I have 2 tables, Table 1 (temp table in SP) has around 400 records. Table 2 has around 30,550,284 records.
I need to run a loop on table 1 for each record and get the top 1 from table 2 based on a few conditions (where clause) and then order by modified date in decreasing order.
There is an index on the modified date.
declare @iPos int;
declare @iCount int;
select @iCount = count(*) from Table1;
set @iPos = 1;
declare @Table2 table(......)
declare @timestampLocal2 datetime
while (@iPos <= @iCount)
BEGIN
select @val1 = Col1, @timestampLocal = TimeStamp
from @Table1 where ID = @iPos
set @timestampLocal2 = DATEADD(HH,-96,@timestampLocal)
INSERT INTO @Temp3 ( .... ),....)
select top 1 r.LastModified, r.[Col2], r.Col3, @iPos
from Table2 (NOLOCK) r
where Col1 =@val1 and
r.LastModified <= @timestampLocal
and r.LastModified >= @timestampLocal2
and (r.Col2 is not null and r.Col3 is not null)
order by LastModified desc
SELECT @iPos = @iPos + 1;
END
This query is very slow.
I have also thought to archive table 2, But I want to keep that as the second option for now.
Do I really need to add an index on the columns which are involved in the where clause?
So my question is, in terms of performance is there a better way to do this?
I believe a CROSS APPLY
or OUTER APPLY
may do the trick. These can be thought of as being similar to INNER JOIN
or LEFT JOIN
, except that they allow you to reference a subquery having more complex conditions such as TOP 1
and ORDER BY
. Ideal for cases like this.
-- INSERT INTO @Temp3 ( .... )
select r.LastModified, r.[Col2], r.Col3, t1.ID
from @Table1 t1
cross apply (
SELECT TOP 1 r.*
from Table2 r -- Don't use (NOLOCK)
where r.Col1 = t.Col1
and r.LastModified <= t1.[TimeStamp]
and r.LastModified >= DATEADD(HH,-96,t1.[TimeStamp])
and (r.Col2 is not null and r.Col3 is not null)
order by r.LastModified desc
) r
For efficiency, I recommend an index on Table2(Col1,LastModified) or as an absolute minimum, an index on Table2(Col1).
I would strongly discourage the use of (NOLOCK)
or 'READ UNCOMMITTED` in queries that update the database (like the insert into table3 above).
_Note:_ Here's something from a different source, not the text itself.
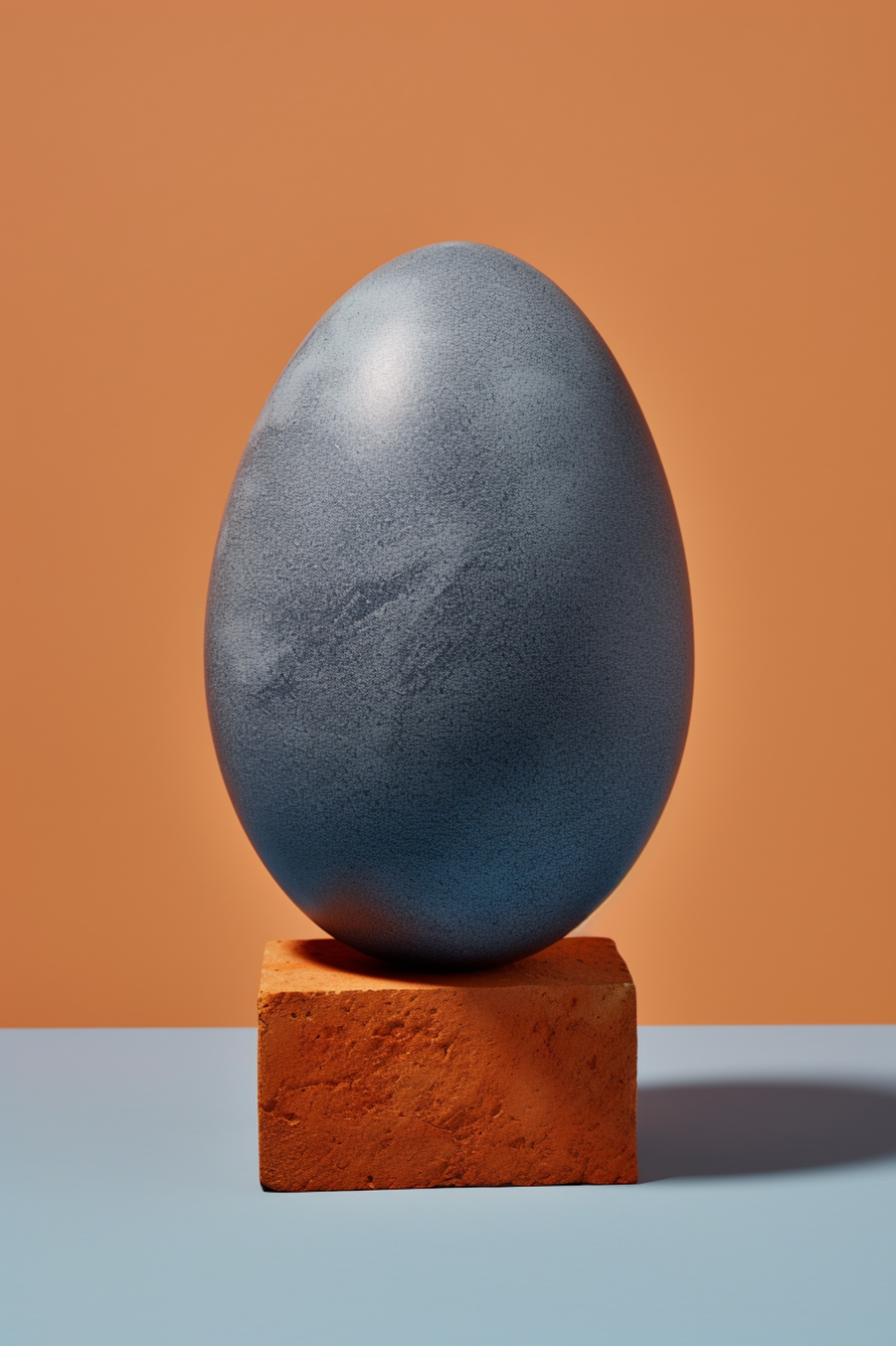 A metallic blue egg on an orange brick with a bold orange background and muted blue surface, creating a striking color contrast.

While the query may appear to work most of the time, seemingly random occurrences of missing or duplicate rows may result.
Do you need to handle cases where no matching Table2 record is found? The above will quietly ignore such cases. Changing the CROSS APPLY
to an OUTER APPLY
together with logic to handle null r.xxx values could be what you need.